Родриго сидел на тощем заборчике, обрамлявшем скупые общежитские деревца и у него был вид человека, только что снятого с белоснежных вершин Эмпирея и аккуратно положенного в наш грязный, оборванный мир. На деле он и оказался таким, я имею ввиду с Эмпирея. В нем было столько изысканности и изящества, его манеры были натуральны и естественны, не то что у меня, когда я заставлял себя перевести через улицу разлагающуюся бабульку. Признаюсь, тогда я подумал: какой франт, но, Господи, как же я горько ошибался и сержусь на себя за это. Родригес пожал мне руку и честно посмотрел в глаза. Родригес был гитарист и мне, и ему, и Бутусову предстояло учиться вместе.

О, кто вернет мне этот счастливый и единственный в моей жизни год проведенный с ними за одной ученической партой! Как я тогда не ценил данное мне! Осенью начались занятия и на меня посмотрела своими страшными глазами музыка. Она была везде: в давно выживших из ума электронных часах, показывавших вместо нынешнего часа какие то изумрудные египетские закорючки, за массивными дверями кабинетов, забитых до отказу богемой, даже в уборщицах на удивление приветливых и добродушных снующих со швабрами туда сюда. Музыка была в картине Шумана охрой выполненной на стене в левом крыле здания, которого потом за что-то неумело ободрали, музыка была в речах пожилого сухопарого директора, и когда он говорил на собраниях: помните, что вы не из какого-нибудь кулинарного техникума!
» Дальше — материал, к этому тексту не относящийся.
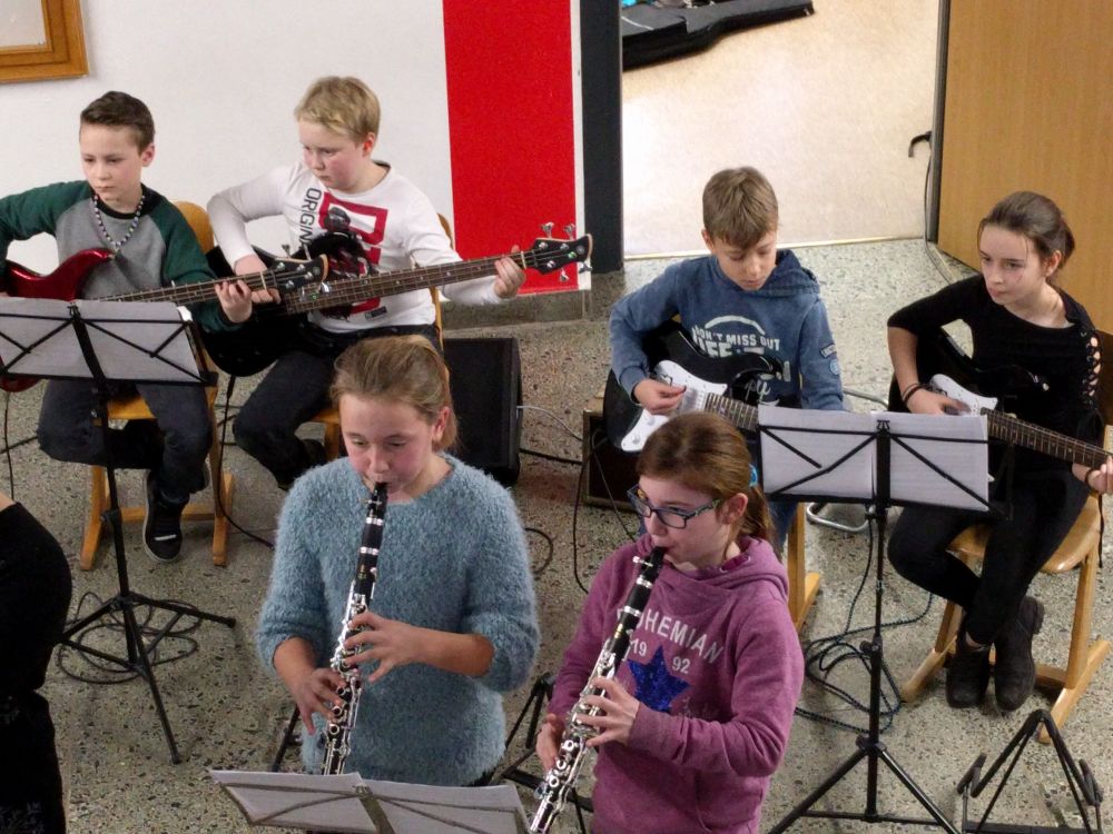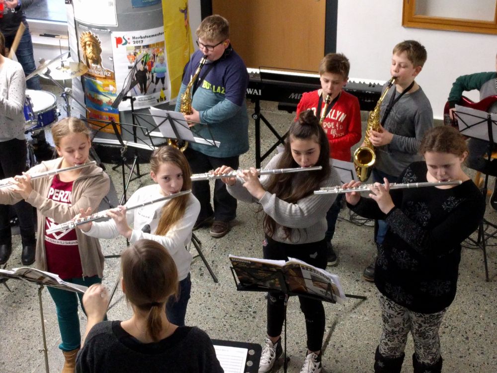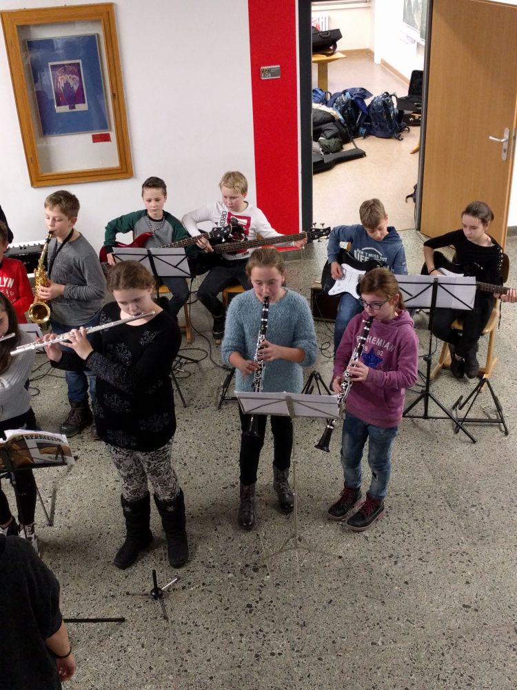 Inzwischen kann man es als schöne Tradition bezeichnen: Am letzten Schultag vor den Weihnachtsferien wird der Schulgemeinschaft in der großen Pause eine musikalische Einstimmung auf das kommende Fest geboten. Nachdem bereits im Vorjahr die Bigband-Klasse diese Aufgabe übernommen hatte, war es auch dieses Jahr der erste Auftritt unserer jüngsten Nachwuchsmusiker aus der Bigband-Klasse.

Хотелось сразу же встать и защищать до последней капли крови своей грудью эти стены и все что они укрывали, вплоть до последней рваной струны и книжки про Ленина, служившей заспанным вахтерам за чудовищным стеклом подставкой для чая.

И так, мы начали учиться. В наши свежие, юношеские умы умещалось все, начиная от няни Чайковского и заканчивая обертонами с ауфтактом, тогда я впервые на уроках полифонии увидел маленький уголочек громадины Баха, а увидев ужаснулся.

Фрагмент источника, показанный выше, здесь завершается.